## What the task requires
Restate the entries below in full, exactly as they read, but without pictures.

(Stored items)
*-*-*
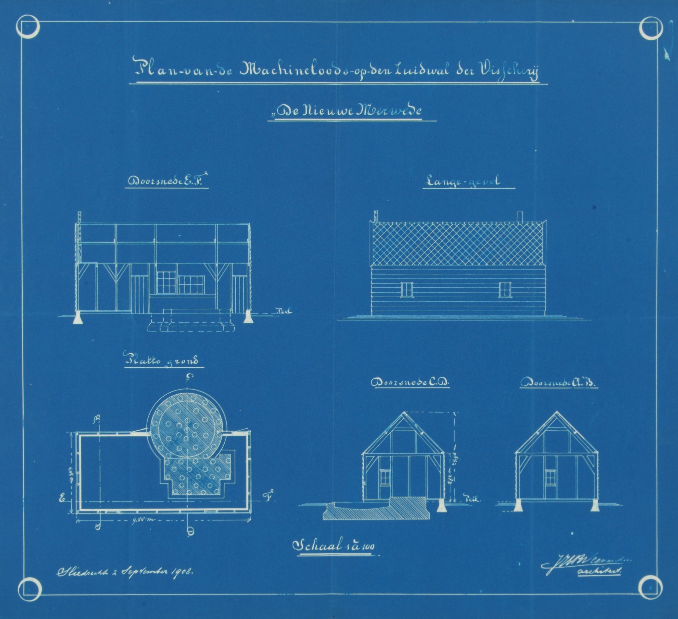 - Bouwtekening van een machineloods voor de zuidwal van zalmzegenvisserij De Nieuwe Merwede.
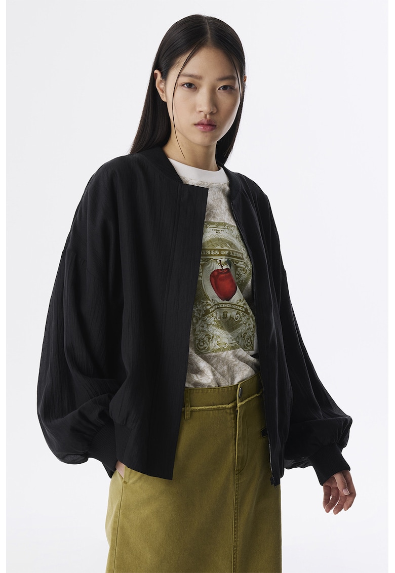 - lyocell Croiala: supradimensionat Guler: baseball Lungime maneca: maneca lunga Buzunare: 2 laterale Sistem inchidere: fermoar Compozitie Exterior: 75% lyocell
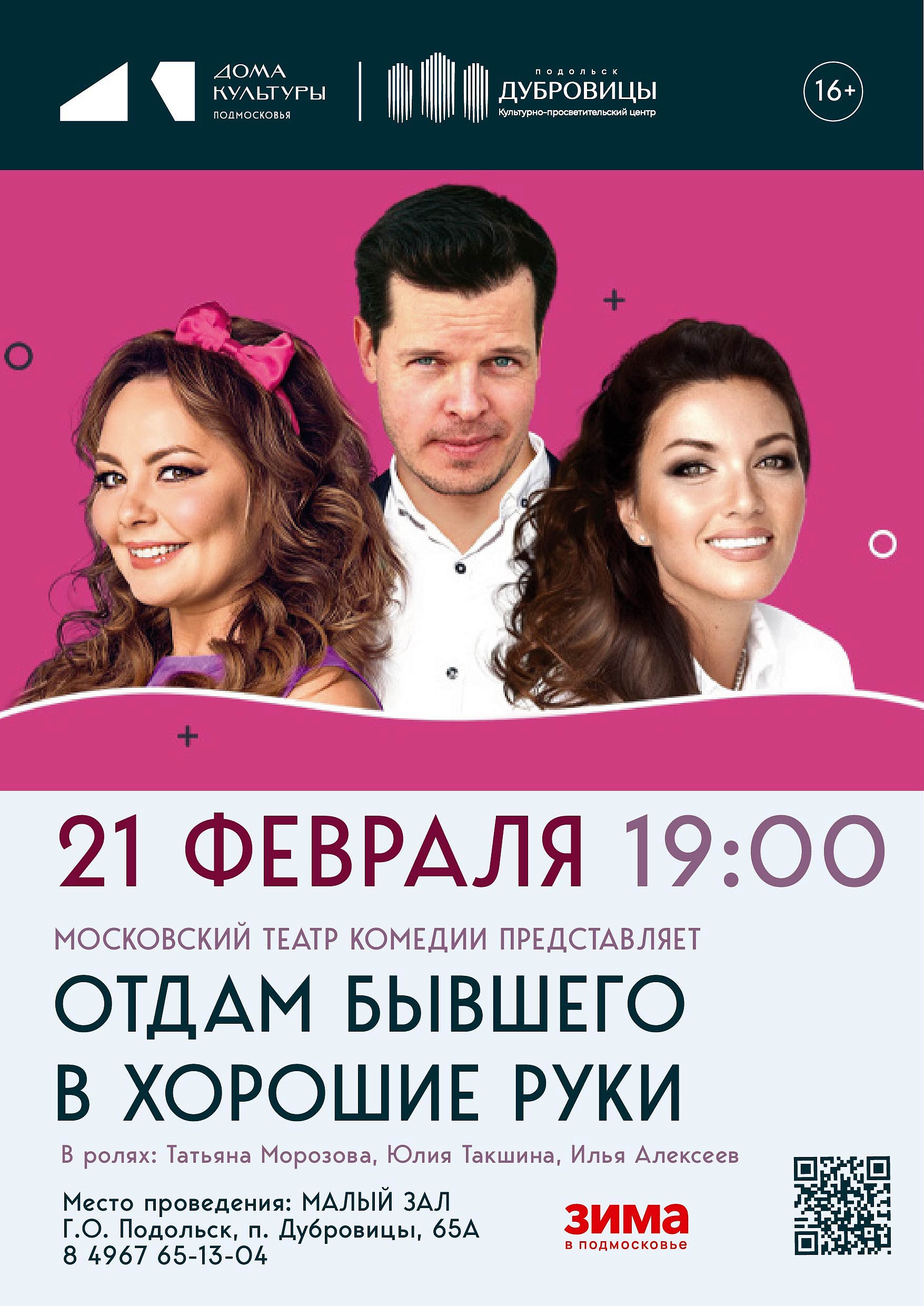 21 февраля в 19:00 КПЦ «Дубровицы» приглашает на спектакль «Отдам бывшего в хорошие руки», который представят артисты Московского театра комедии: Татьяна Морозова, Юлия Такшина и Илья Алексеев.
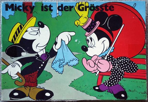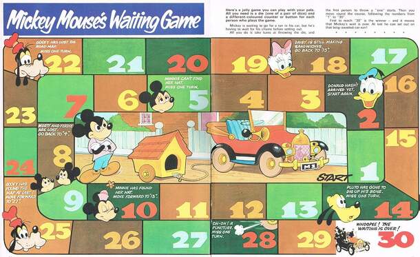 A game that featured in the British Disneyland Annual for 1977. A simple Goose-type game. Mickey Mouse wants to go out in his car but his friends want to go with him. He has to wait until one friend arrives (and he looks very cross as he waits by his car). Players move by a die roll and must obey the special squares. The first player to reach square 30...
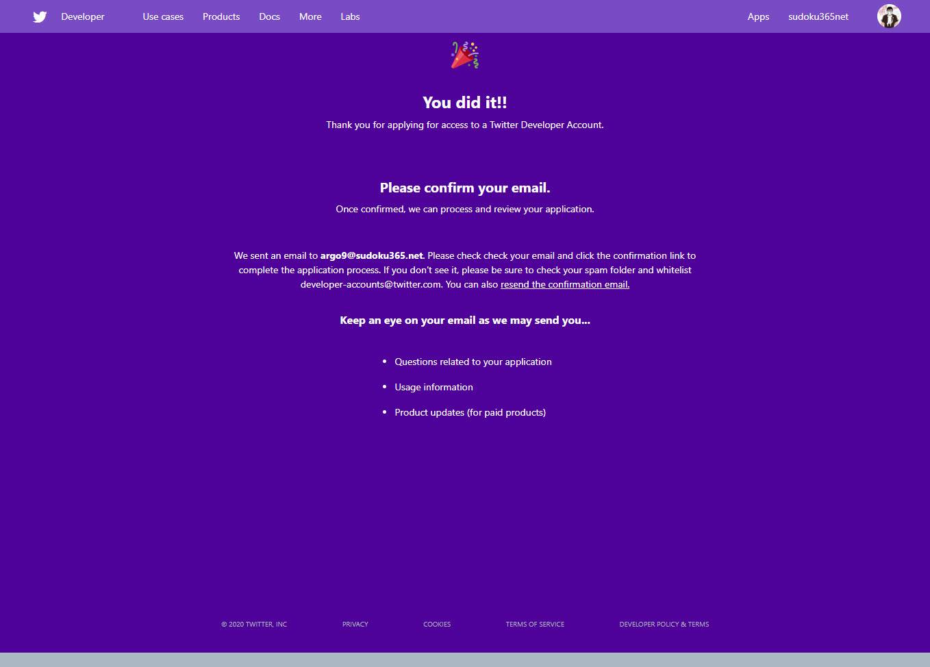 8. 어플리케이션 컨펌 대기를 하고 트위터에서 향후 메일로 알려줍니다.
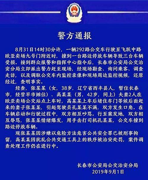9月1日,长春市公安局公交治安分局发布通报,张某某(女,38岁,辽宁省西丰县人,暂住长春市,经营早市摊位)、高某某(男,42岁,同上)夫妻2人在欧亚卖场公交站点上车时,高某某上车后堵住车门等候后面赶来的妻子张某某,引起驾驶员孔某某不满,双方发生口角。行至案发地,双方相互辱骂,张某某情绪爆发,用手击打司机孔某某,公交车撞到路边停放车辆。
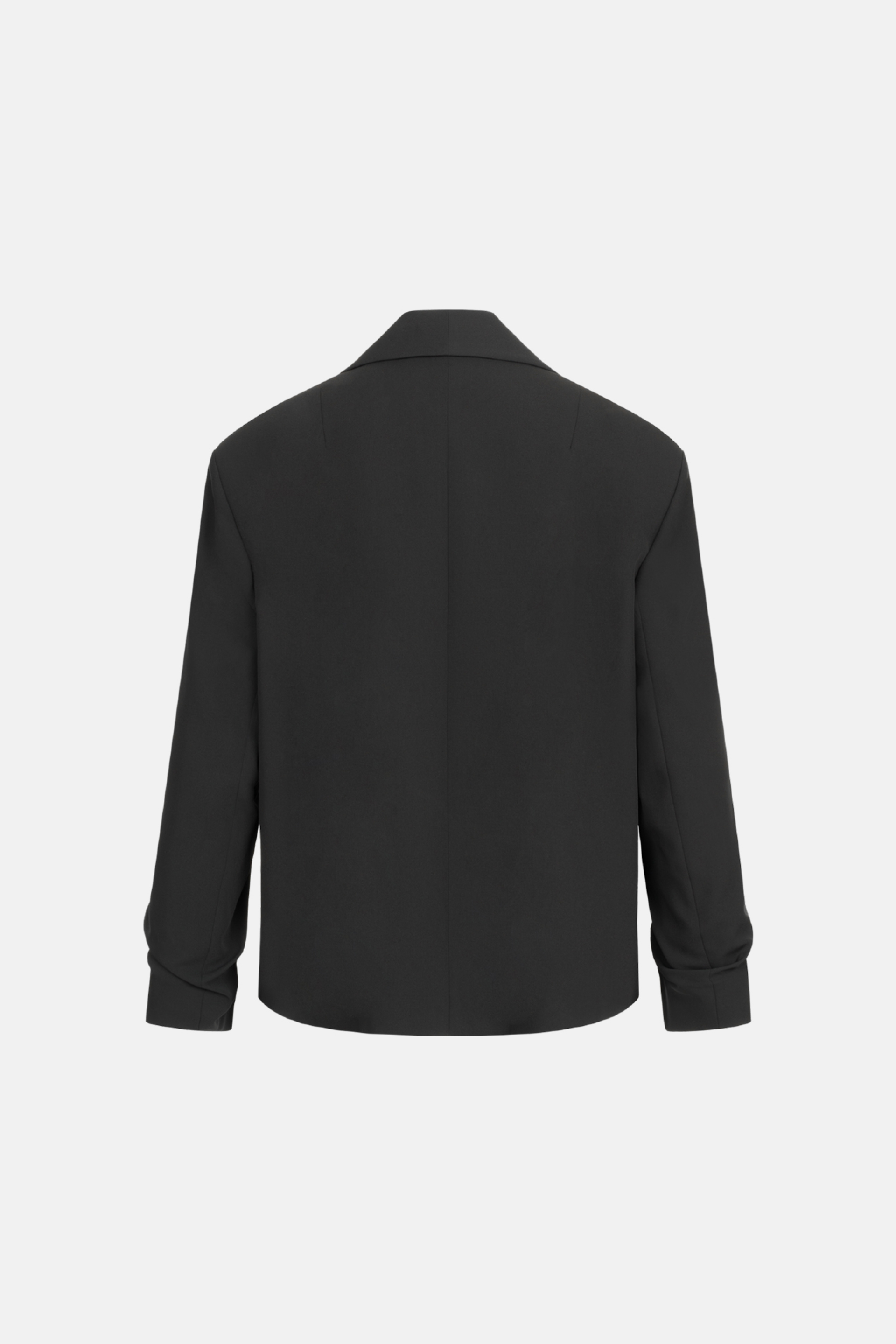 Жакет оверсайз зі збіркою на рукаві. Виготовлений з міксу віскози, бавовни та еластану, що забезпечує комфорт та еластичність. Ідеальний вибір для створення сучасних і стильних образів у будь-яку пору року. Гармонійно виглядає з брюками, спідницями або лонгслівами для завершеного вигляду.
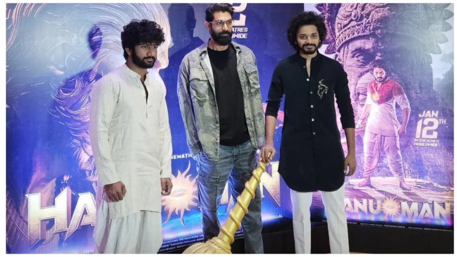 तेजा सज्जा की मुख्य भूमिका वाली फिल्म 'हनुमान' की इस वक्त हर तरफ धूम मची हुई है।साउथ में ही नहीं हिंदी में भी ये फिल्म काफी अच्छा कर रही है। इतना ही नहीं, कैटरीना कैफ और विजय सेतुपति-स्टारर 'मेरी क्रिसमस' से टक्कर मिलने के बावजूद ये फिल्म कमाई के मामले में इनसे आगे निकलने में कामयाब रही है। इसी बीच हाल ही में मुंबई में इस फिल्म का ट्रेलर लॉन्च का आयोजन किया गया जिसमें साउथ स्टार राणा दग्गुबाती भी नजर आए। इस दौरान राणा दग्गुबाती ने भगवान हनुमान को पास्टर देखकर कुछ ऐसा किया की राम भक्त खुश हो गए, जानिए राणा दग्गुबाती ने ऐसा क्या किया, जिसने हर किसी का दिल जीत लिया।
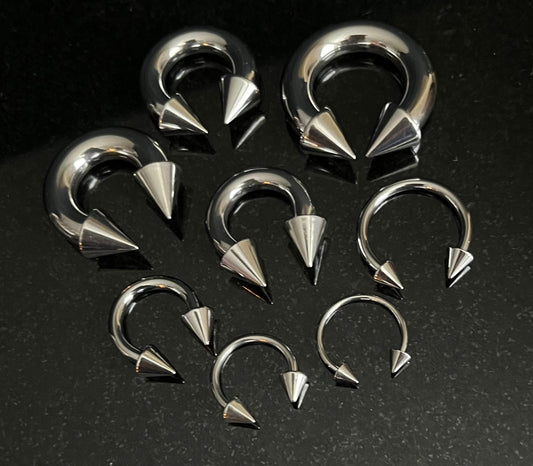 1 Piece Surgical Steel Circular Horseshoe Barbell with Spikes Ring - 18G thru 2g with Assorted Internal Diameter and Spike Size!!
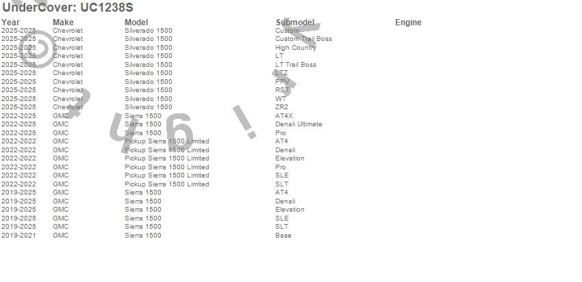 Below is an abbreviated list of applications for the Elite Smooth Tonneau Cover.Pickup Sierra 1500 Limited, Sierra 1500, Silverado 1500, Chevrolet, GMC, 2026, 2025, 2024, 2023, 2022, 2021, 2020, 2019
*-*-*
## Response to this exercise
 - Bouwtekening van een machineloods voor de zuidwal van zalmzegenvisserij De Nieuwe Merwede.
 - lyocell Croiala: supradimensionat Guler: baseball Lungime maneca: maneca lunga Buzunare: 2 laterale Sistem inchidere: fermoar Compozitie Exterior: 75% lyocell
 21 февраля в 19:00 КПЦ «Дубровицы» приглашает на спектакль «Отдам бывшего в хорошие руки», который представят артисты Московского театра комедии: Татьяна Морозова, Юлия Такшина и Илья Алексеев.
 A game that featured in the British Disneyland Annual for 1977. A simple Goose-type game. Mickey Mouse wants to go out in his car but his friends want to go with him. He has to wait until one friend arrives (and he looks very cross as he waits by his car). Players move by a die roll and must obey the special squares. The first player to reach square 30...
 8. 어플리케이션 컨펌 대기를 하고 트위터에서 향후 메일로 알려줍니다.
9月1日,长春市公安局公交治安分局发布通报,张某某(女,38岁,辽宁省西丰县人,暂住长春市,经营早市摊位)、高某某(男,42岁,同上)夫妻2人在欧亚卖场公交站点上车时,高某某上车后堵住车门等候后面赶来的妻子张某某,引起驾驶员孔某某不满,双方发生口角。行至案发地,双方相互辱骂,张某某情绪爆发,用手击打司机孔某某,公交车撞到路边停放车辆。
 Жакет оверсайз зі збіркою на рукаві. Виготовлений з міксу віскози, бавовни та еластану, що забезпечує комфорт та еластичність. Ідеальний вибір для створення сучасних і стильних образів у будь-яку пору року. Гармонійно виглядає з брюками, спідницями або лонгслівами для завершеного вигляду.
 तेजा सज्जा की मुख्य भूमिका वाली फिल्म 'हनुमान' की इस वक्त हर तरफ धूम मची हुई है।साउथ में ही नहीं हिंदी में भी ये फिल्म काफी अच्छा कर रही है। इतना ही नहीं, कैटरीना कैफ और विजय सेतुपति-स्टारर 'मेरी क्रिसमस' से टक्कर मिलने के बावजूद ये फिल्म कमाई के मामले में इनसे आगे निकलने में कामयाब रही है। इसी बीच हाल ही में मुंबई में इस फिल्म का ट्रेलर लॉन्च का आयोजन किया गया जिसमें साउथ स्टार राणा दग्गुबाती भी नजर आए। इस दौरान राणा दग्गुबाती ने भगवान हनुमान को पास्टर देखकर कुछ ऐसा किया की राम भक्त खुश हो गए, जानिए राणा दग्गुबाती ने ऐसा क्या किया, जिसने हर किसी का दिल जीत लिया।
 1 Piece Surgical Steel Circular Horseshoe Barbell with Spikes Ring - 18G thru 2g with Assorted Internal Diameter and Spike Size!!
 Below is an abbreviated list of applications for the Elite Smooth Tonneau Cover.Pickup Sierra 1500 Limited, Sierra 1500, Silverado 1500, Chevrolet, GMC, 2026, 2025, 2024, 2023, 2022, 2021, 2020, 2019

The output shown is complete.